(Beginning of DATASET RECORDS)

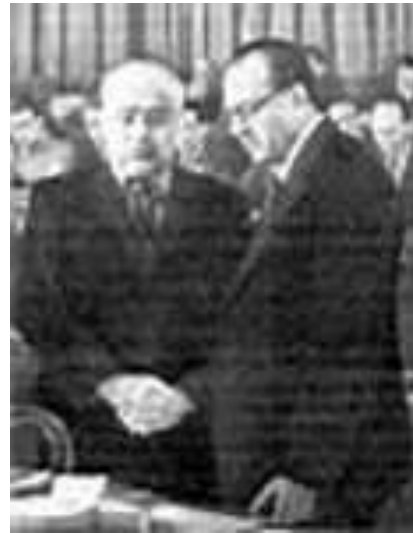
Первый президент ГДР О. Гротеволь и В.Пик

7 октября 1949г. – провозглашение создания Германской Демократической Республики на территории Восточной Германии.
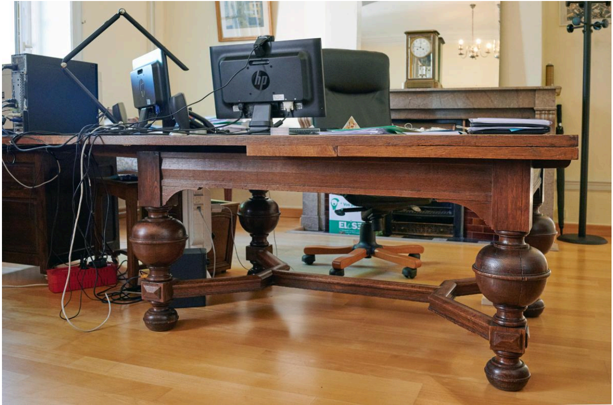
Table servant du bureau.
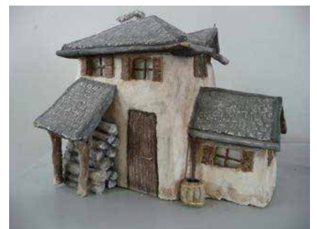
Élément de décor : La maison
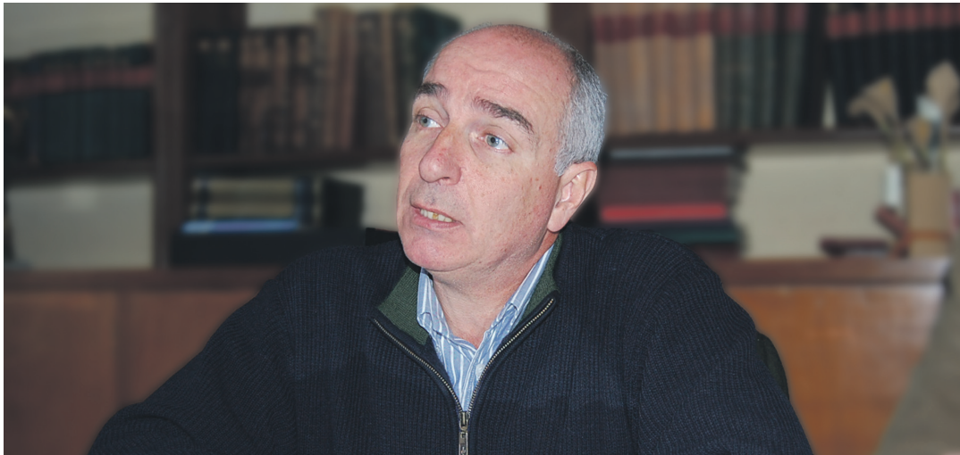
Pacífico coordina el taller abierto a la comunidad.

El docente planteó la importancia de tomar contacto con miradas
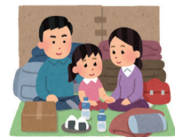
図 市民安全課・内線217
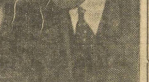
jaqında avis tirijonıñ xıquqlı qonsulnıñ s s s r mærkæzii çırqomıñnıñ ræ'isil ortaq petrovskı hızyrızga qanul qıldı srynda: ortaq petrovskı ham qonsul xıquqlı.
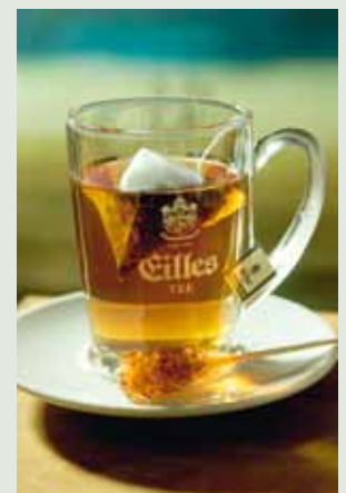
EILLES TEE Trendglas für 0,3L - Art-Nr. 6679 Untertasse - Art-Nr. 6418 Ablegeschale - Art-Nr. 6699
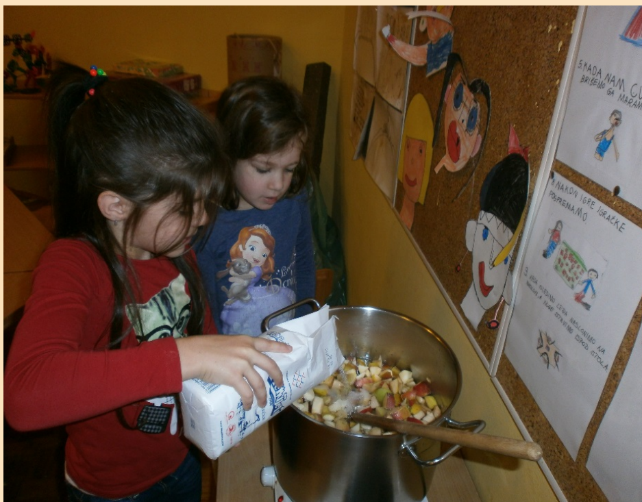
Pripremanje kompota u vrtiću „Učimo od najstarijih”
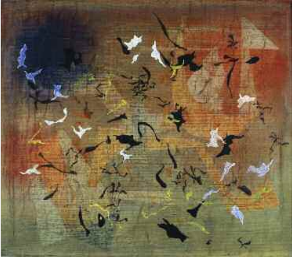
Martyn Ferenc: Festménytev (olaj) Tata Város tulajdona
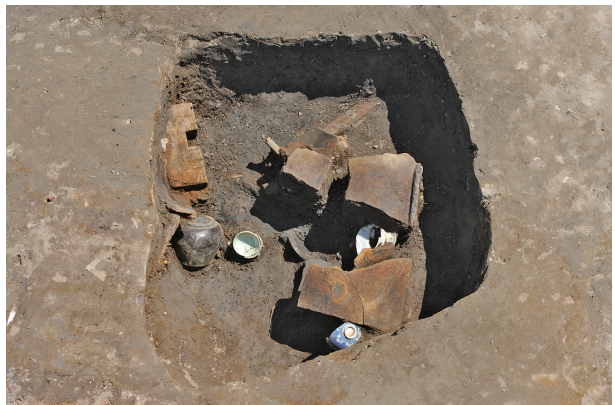
8 第 38 号土坑遺物出土狀況

(End of DATASET RECORDS)

__PROBLEM TO SOLVE__. None of the pictures should appear; copy the rest of the material above exactly.

__WRITTEN SOLUTION__.
Первый президент ГДР О. Гротеволь и В.Пик

7 октября 1949г. – провозглашение создания Германской Демократической Республики на территории Восточной Германии.
Table servant du bureau.
Élément de décor : La maison
Pacífico coordina el taller abierto a la comunidad.

El docente planteó la importancia de tomar contacto con miradas
図 市民安全課・内線217
jaqında avis tirijonıñ xıquqlı qonsulnıñ s s s r mærkæzii çırqomıñnıñ ræ'isil ortaq petrovskı hızyrızga qanul qıldı srynda: ortaq petrovskı ham qonsul xıquqlı.
EILLES TEE Trendglas für 0,3L - Art-Nr. 6679 Untertasse - Art-Nr. 6418 Ablegeschale - Art-Nr. 6699
Pripremanje kompota u vrtiću „Učimo od najstarijih”
Martyn Ferenc: Festménytev (olaj) Tata Város tulajdona
8 第 38 号土坑遺物出土狀況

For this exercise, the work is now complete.